This paper proposes a transformative framework where process improvement (standardisation) and staffing optimisation (integer programming) are integrated to enhance the performance of managed care organisations (MCOs) considering future surging demand. Four models (baseline and optimised for current and future states) are developed and compared using simulation. We find significant differences for all performance metrics between three alternatives and baseline model for current state: (1) optimised model for current state achieves cost reduction (31.71%) and higher staff utilisation (63.14%), without significant capacity increase; and (2) baseline model for future state results in significant capacity gain (2.05%), with less significant cost reduction and utilisation. Furthermore, optimised model for future state obtains largest capacity gain (2.31%), greatest cost reduction (44.43%), and highest utilisation (93.43%).
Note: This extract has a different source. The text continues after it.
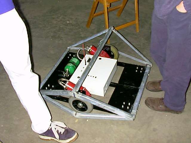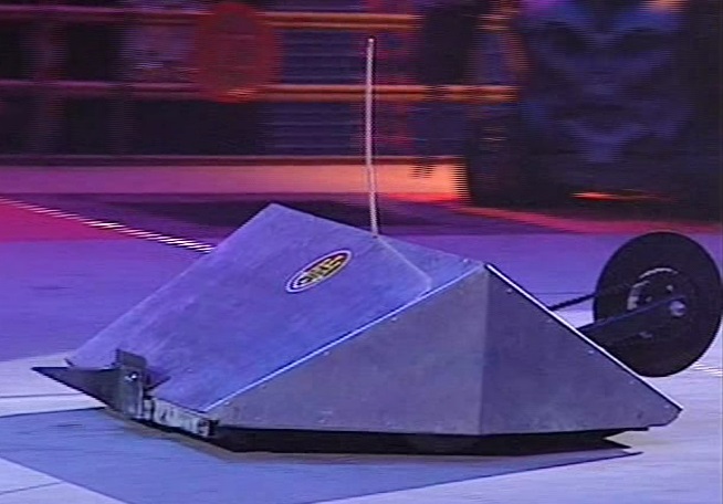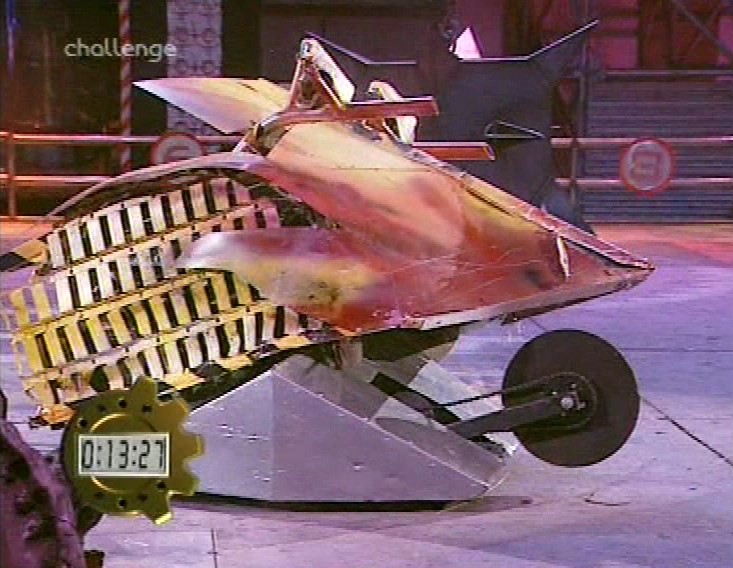 The original machine was a double-sided wedge-shaped robot, armoured in galvanised materials, with a top speed of 8mph. Its weapon was a rear circular grinding disc, powered by what the show described as a 22 horsepower motor (although this was likely a typo that would read 2.2 horsepower), and a static spike on the front. The grinding saw could be replaced with a long spike, which the team used in the Skittles Trial to help them knock barrels. Three 12V lead acid batteries powered the machine, and its 24 volt electric wheelchair motors were donated by Dorset County Council. All the essential components were kept in a small box for protection.

All models result in acceptable average queue length. Additionally, process improvement affects all performance metrics, especially capacity, whereas staffing optimisation influences all other performance metrics than capacity.

Suggested Citation

  • Zhanting Gao & Xiaojun Shan & Silei Shan & Mohammad T. Khasawneh, 2019. "Staffing optimisation in standardised care management processes," Journal of the Operational Research Society, Taylor & Francis Journals, vol. 70(3), pages 459-471, March.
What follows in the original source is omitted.